Table of Contents
Protocol for comparison between sequencing (VCF) and chip data
In this project, we will establish an infrastructure and will cross-check the genotypic data generated by BGI with the data already available GWA scans (DNA chips).
Summary
Status: under development
Contributors: Yurii, Lennart, Elisa
Timeline: end Sep 2010 - end Dec 2010
Resources: BI/data manager/programmer at 0.75 fte (the same as the one on MendelianQcPipeline) + experienced supervisor at 0.1 fte (the same as the one on MendelianQcPipeline)
Depends on: availability of VCF data
Other projects depending on this: MendelianQcPipeline (soft), all projects which start with QC'ed data (e.g. all WP2 projects)
Aims and Deliverables
- Establish custom pipeline for Chip-based QC.

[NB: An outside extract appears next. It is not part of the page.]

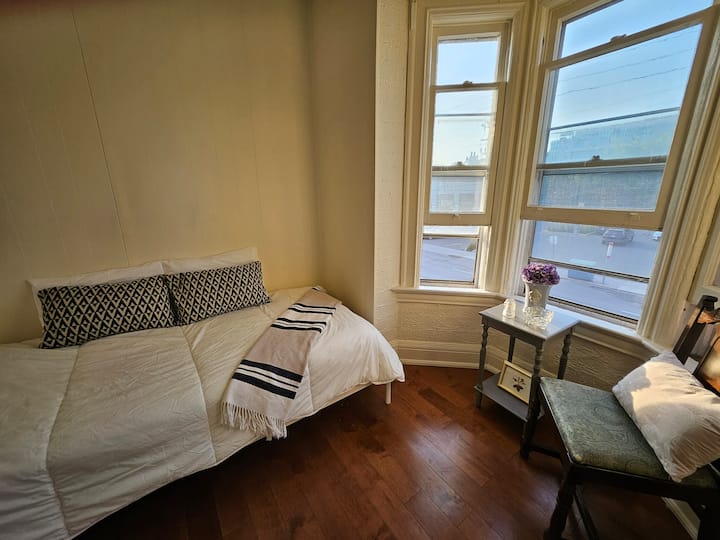שימו לב שהבית שלנו נמצא ברחוב דופונט. צפונית לנו נמצאת מסילת הרכבת של CN. הרעש הלבן הוא חלק מהקסם בבית ההיסטורי הזה שנבנה בתחילת המאהה-20. אטמי אוזניים זמינים ללא תשלום בערכת העזרה הראשונה שלנו.

- Verify the identity of the DNA samples
- Check quality of sequence data.
- Identify factors affecting quality of sequencing (e.g. batch effects).

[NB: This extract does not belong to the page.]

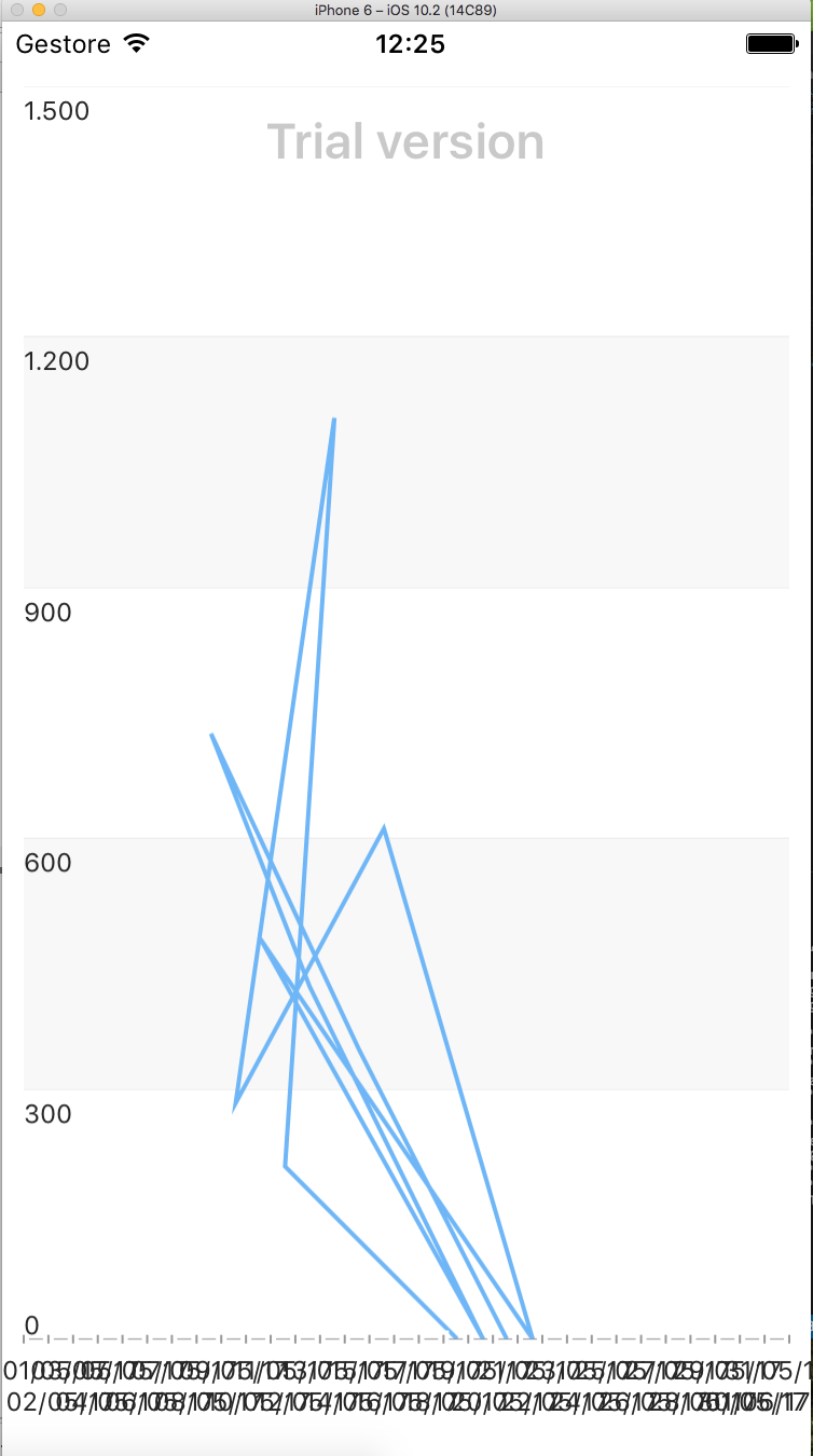 [{"date":"2017-05-18","amount":0,"label":"05-18","timestamp":1495065600000},{"date":"2017-05-11","amount":206.7,"label":"05-11","timestamp":1494460800000},{"date":"2017-05-13","amount":1102.3,"label":"05-13","timestamp":1494633600000},{"date":"2017-05-09","amount":282.6,"label":"05-09","timestamp":1494288000000},{"date":"2017-05-15","amount":610.8,"label":"05-15","timestamp":1494806400000},{"date":"2017-05-21","amount":0,"label":"05-21","timestamp":1495324800000},{"date":"2017-05-10","amount":478.9,"label":"05-10","timestamp":1494374400000},{"date":"2017-05-19","amount":0,"label":"05-19","timestamp":1495152000000},{"date":"2017-05-12","amount":421.6,"label":"05-12","timestamp":1494547200000},{"date":"2017-05-08","amount":724.5,"label":"05-08","timestamp":1494201600000},{"date":"2017-05-14","amount":346.2,"label":"05-14","timestamp":1494720000000},{"date":"2017-05-20","amount":0,"label":"05-20","timestamp":1495238400000}]With that data I can show the graph on iOS simulator with the following description

- Establish (preliminary) thresholds of quality metrics maximizing sensitivity and specificity of genotype calling.
- Using above thresholds, establish the false-positive and false-negative rates for variants discovered in our study (if we do not take trio structure into account).

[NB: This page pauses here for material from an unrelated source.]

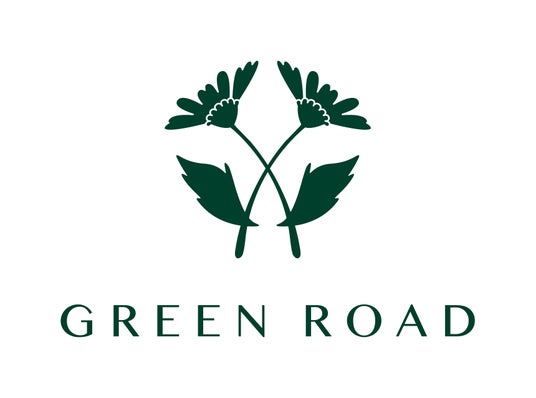 グリーンロードロゴ(マーガレット)交差するふたつの花は、花や緑を媒体として、人と人、心と心をつなぐ、想いを届けるというGREEN ROADの仕事とその理念を表し、手のひらのような葉のカタチは、人の想いを、人の「手」で届けるということを表現しています。

- Check if these rates are in agreement with theoretically expected (thus we do not miss any important experimental factor).
- In accord with MendelianQcPipeline, provide QC'ed data
Idea
A principal idea of what questions should be addressed (without saying how) is summarized in ChipBasedQcPipelineIdea.
A number of 'burning' questions need to be addressed before the idea can be considered finished. These include
- What format will be used for/by Chip data (ChipGtDataFormat)?
- What factors, potentially affecting or indicating the quality of sequencing data (FactorsRelatedToSeqDataQuality), are to be addressed in the QC?
Workflow
Automated workflow (will be) provided in ChipBasedQcPipelineWorkflow? page.